#### PROBLEM STATEMENT:
Output only the lines below from the one holding "常州大学的王新朋副教授作了题" down to the one holding "Низложенный дьякон Роберт", both end lines included and every picture dropped.

DATA SECTION START

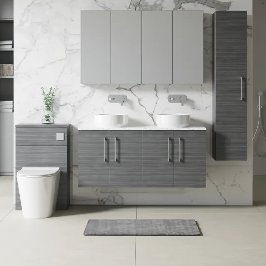 nuie 1200mm Wall Hung 4-Door Vanity & Laminate Worktop - Anthracite Woodgrain
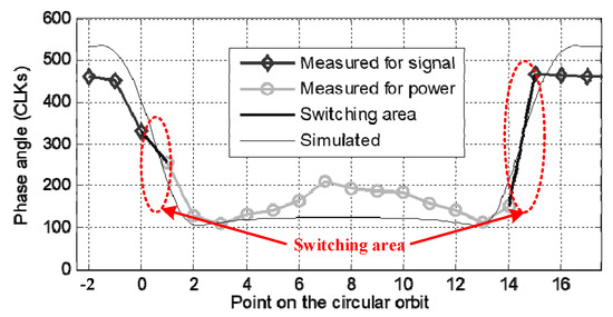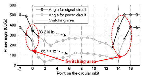 As can be seen from Figure 9, the whole track is divided into 60 equal parts and marked with corresponding figures to measure the phase angle when the electric vehicle is running, wherein, the transmitting coils are uniformly distributed from 0 to 15 and from 30 to 45, and no coils are distributed in other areas. When the electric vehicle runs to the area without coils, it is powered by supercapacitor C, whose value is shown in Table 2. When the vehicle moves on the transmitter coil 1 or 2, the supercapacitor C is charged. The distance between the two coils is about S = 800 mm, and the center distance between the two coils is about S = 876 mm.
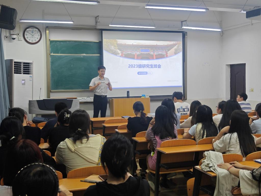 于9月6日下午19:00在一号教学楼1209教室召开“2023级研究生新生班会”。出席人员有研究生辅导员袁凯、学院研究生会主席张皓飞、章文俊、2022级研究生团支书彭学义。
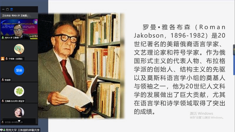 常州大学的王新朋副教授作了题为“雅各布森言语交际理论的符号学解读”的主旨发言。王新朋副教授对言语交际六因素展开了当代文化语境下的拓展和应用研究,从而使得这一语言学模式成为符号学模式,并将其应用范围从语言学领域拓展到社会文化的大范畴,对当代文化现状中的一些典型特征进行了理论阐释。
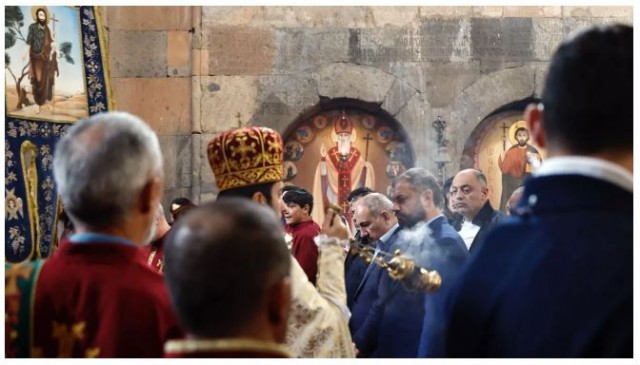 Низложенный дьякон Роберт Агазарян, премьер-министр Никол Пашинян, министры экономики Геворг Папоян и обороны Сурен Папикян во время литургии под предводительством лишенного сана Степана (Арама) Асатряна в Ованаванке (26 октября 2025). Оганаван
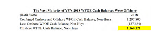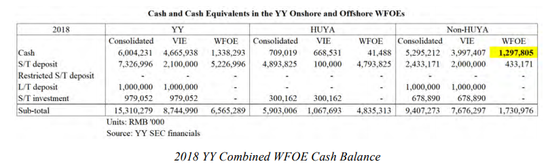下表显示了不包含虎牙的情况下,YY在岸和离岸外商独资企业账面现金余额合计12.98亿元。
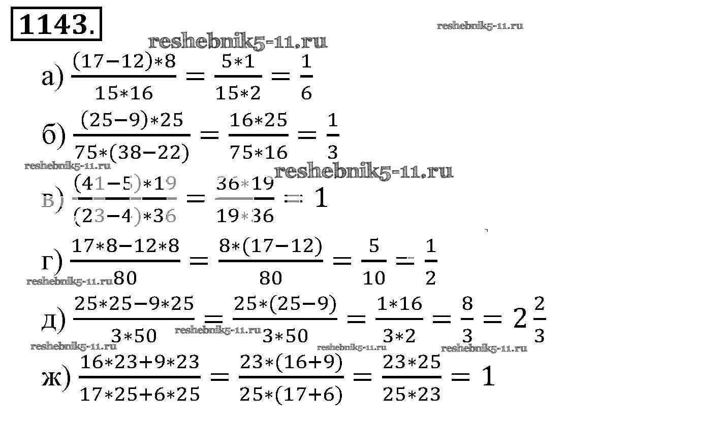 Готовая домашняя работа с ответами по Математике за 6 класс Никольский, Потапов, Решетников, Шевкин Учебник МГУ - школе Просвещение 2014 ФГОС - Номера 1143
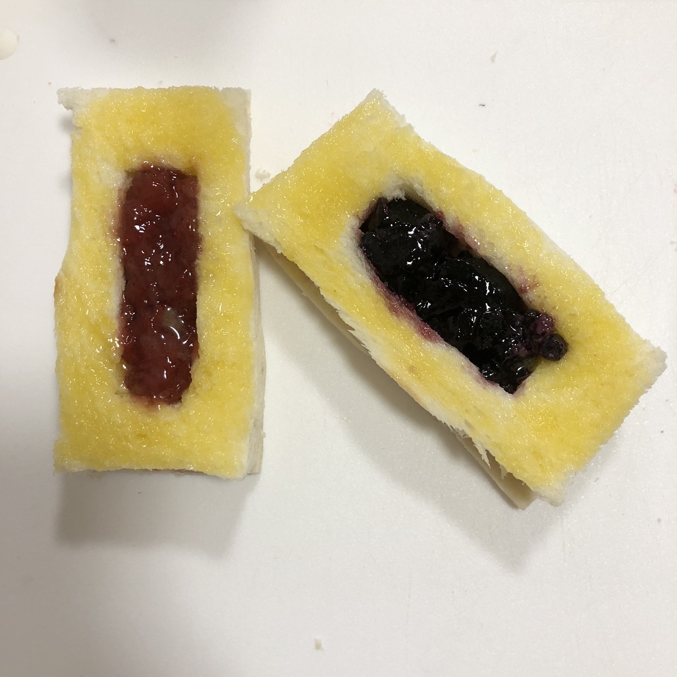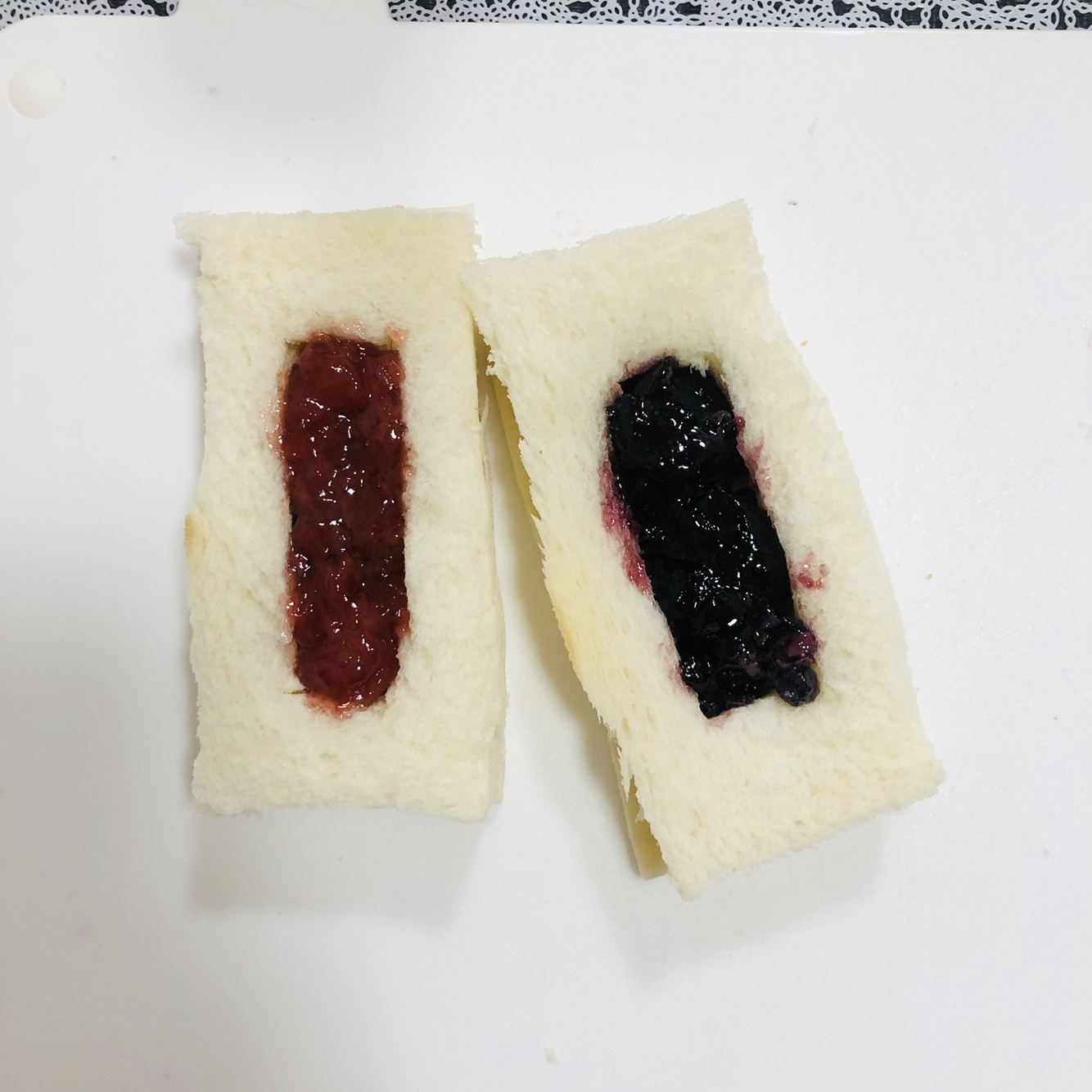 2. 직사각형으로 잘라 주신 후, 식빵에 잼이 들어 갈 수 있는 자리를 칼을 이용해서 잘라주세요.
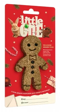 Лакомство-игрушка в форме человечка из новогодней лимитированной коллекции станет прекрасным подарком для травоядных питомцев. Полностью съедобный человечек из ароматных луговых трав с добавлением полезных ягод обеспечит уход за постоянно растущими зубами и надолго увлечет питомца.
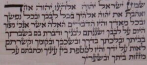 The picture shown here is of Deuteronomy 6:4-9. The last letters of the Hebrew words shema (“Hear”) and echad (“one”) were often written large, as here, to express the importance of the sentence, “Hear, O Israel, YHWH our God, YHWH one.”
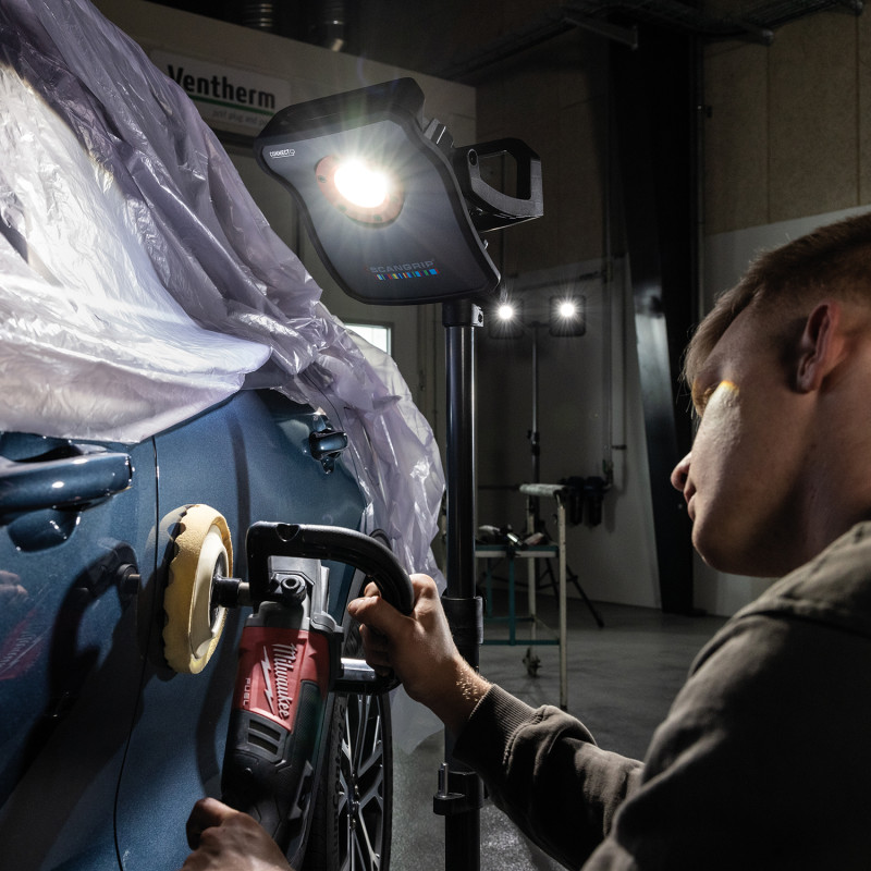 Scangrip Multimatch 3 Connect – прожектор на акумуляторі зі світловим потоком до 3000 люмен, створений для інспекції великої площі поверхні під час полірування, фарбування, очистки або підбору кольору.Прожектор сумісний з акумуляторною системою METABO/CAS 18В та іншими акумуляторами 18В/20В під час використання перехідника Scangrip Connector. Це дозволяє живити пристрій від більшості популярних акумуляторів. Вбудований блок живлення має USB-роз'єм для заряджання мобільних пристроїв. Він забезпечує 120 хвилин автономної роботи при яскравості 300 люмен. Також прожектор може працювати від мережі.Scangrip Multimatch 3 Connect оснащений унікальною технологією CCT SCAN. Вона є логічним продовженням звичайного п'ятиступінчастого димера для перемикання світлової температури. Її суть– плавніші переходи температури від 2500 до 6500 К з можливістю її блокування в момент, коли знайдено оптимальну. Це гарантує максимально точний підбір кольорів, а також виводить пошук дефектів лакофарбового покриття на новий рівень.Крім п'ятиступінчастого димера, прожектором можна дистанційно керувати по Bluetooth-підключенню зі смартфона (увімкнення/вимкнення, регулювання рівня світловіддачі). Для цього потрібно завантажити на смартфон або планшет програму з App Store (для пристроїв під керуванням iOS) або Google Play (для пристроїв під керуванням Android) та вивести комфорт роботи на новий рівень.З прожектором Multimatch 3 Connect можна використовувати безліч аксесуарів для більш тонкого налаштування освітлення. Так, для розсіювання, пом'якшення світлового потоку та адаптації світла під конкретні завдання створено дифузор Scangrip Diffuser. Для встановлення освітлювального приладу на певній висоті достатньо скористатися штативом Scangrip Tripod або мобільним Scangrip Wheel Stand. Також на самому корпусі прожектора передбачена зручна ручка для перенесення та гачок для фіксації.Батарея, зарядний пристрій, перехідник та мережний блок живлення до комплекту поставки не входять. Soficar – офіційний представник Scangrip в Україні. Надаємо гарантію 12 місяців, а також післягарантійний ремонт.
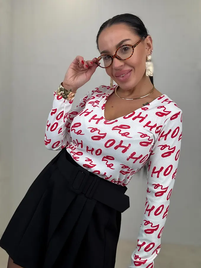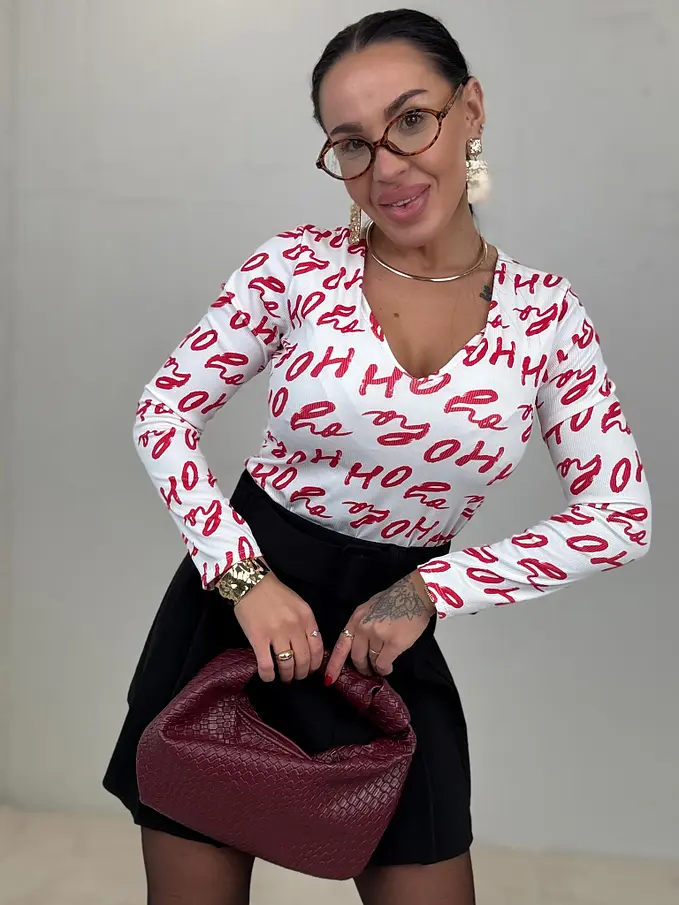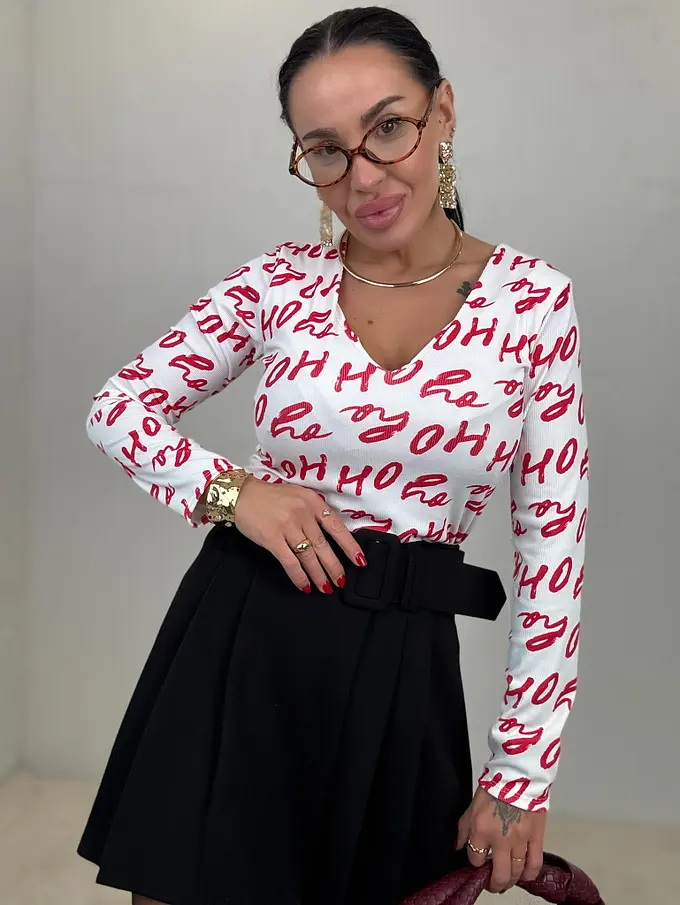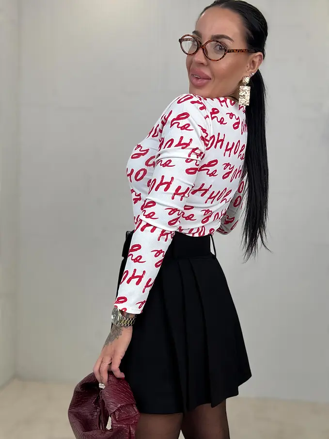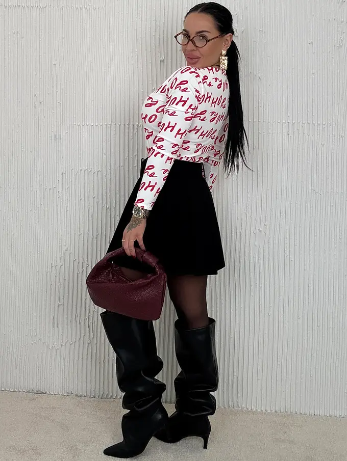 Modelka čiernovláska meria 164 cm a váži 64 kg. Nosí veľkosť M/L. Miery: 99 cm - 74 cm - 93 cm.
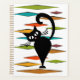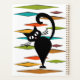 Ilustracion colorido abstracto de estilo Mid Century con gato negro y rombos coloridos decoración sobre fondo blanco
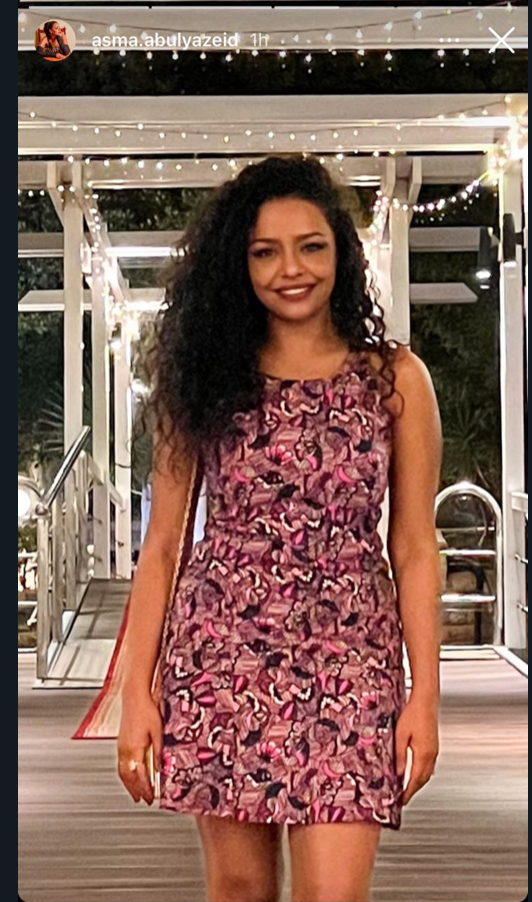 وظهرت أسماء أبو اليزيد في الصورة بإطلالة جذابة أنيقة مرتدية فستان قصير مشجر باللون الموف وشعر كيرلي، مما أثار إعجاب متابعيها.
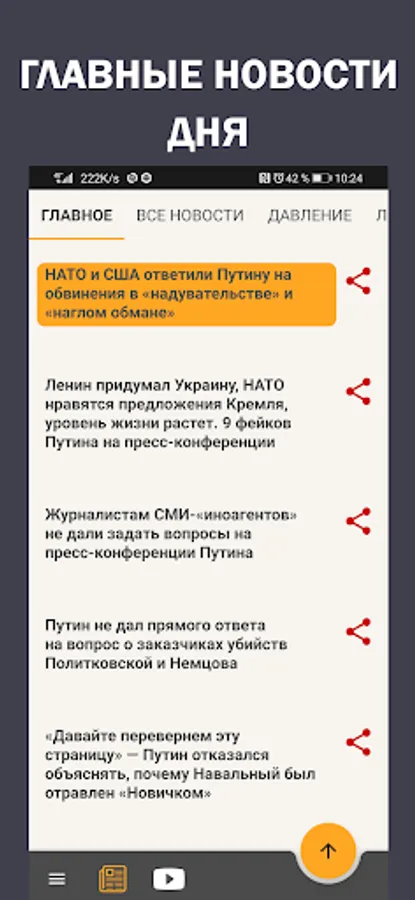 In one application all the main world news in Russian from independent media outlets dealing with real journalism. Read the latest news , scandals, investigations, exposing fakes. News of Russia, news of the world. Fresh news of science and technology, sensations, discoveries, forecasts of the future, news of sports, health and medicine. News of Moscow and regions. Politics and economics news. International relations, sanctions, a new cold war. An inconvenient truth that today is unlikely to be shown on TV, harsh assessments of state leaders and current policies, witty jokes, memes, anecdotes, ruthless humor about us and our lives. Hot news of protests, strikes, hunger strikes, incidents, crime. Urgent notifications about the hottest topic of the day - be the first to stay updated. Reliable sources, quality analytics from experts. News from the fields of international summits and meetings. What do Putin, Trump, Merkel and other world leaders want? What are the chances of the Russian opposition? What is Navalny planning? Search for those who benefit and where the money is. Where do oligarchs keep their finances and what real estate do they own? What is the currency rate to expect in the near future? Where will the oil price go? Is it time to buy cryptocurrencies, is it too late to mine bitcoin? What's the next blow to your wallet? Secrets of confrontation between the special services - FSB, FBI, CIA, NSA, MI5, MI6, MOSSAD. What wars are spies, soldiers and Russian special forces preparing for? What do they think about it abroad? Is the third world war threatening us? What does the future hold for the European Union, UN, CIS? Watch the video, find out the opinions of political video bloggers.
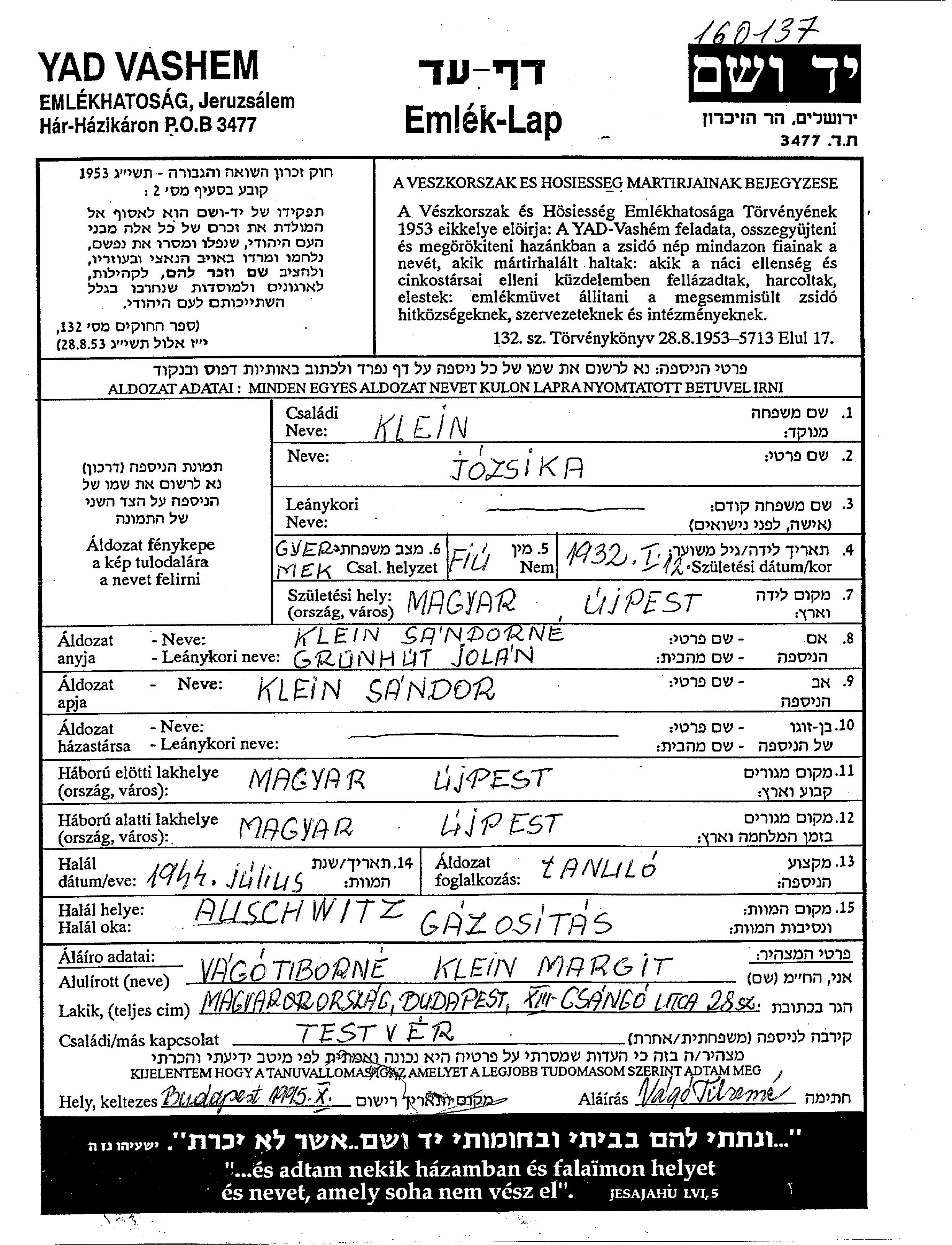 Jozsika Klein wurde im Jahr 1932 in Ujpest, Ungarn geboren. Er war der Sohn von Sandor und Jolan, geb. Grünhut. Er war Schüler/-in und Kind. Vor dem Zweiten Weltkrieg lebte er in Ujpest, Ungarn. Während des Krieges war er in Ujpest, Ungarn.

DATA SECTION END

#### EXERCISE RESULT:
 常州大学的王新朋副教授作了题为“雅各布森言语交际理论的符号学解读”的主旨发言。王新朋副教授对言语交际六因素展开了当代文化语境下的拓展和应用研究,从而使得这一语言学模式成为符号学模式,并将其应用范围从语言学领域拓展到社会文化的大范畴,对当代文化现状中的一些典型特征进行了理论阐释。
 Низложенный дьякон Роберт Агазарян, премьер-министр Никол Пашинян, министры экономики Геворг Папоян и обороны Сурен Папикян во время литургии под предводительством лишенного сана Степана (Арама) Асатряна в Ованаванке (26 октября 2025). Оганаван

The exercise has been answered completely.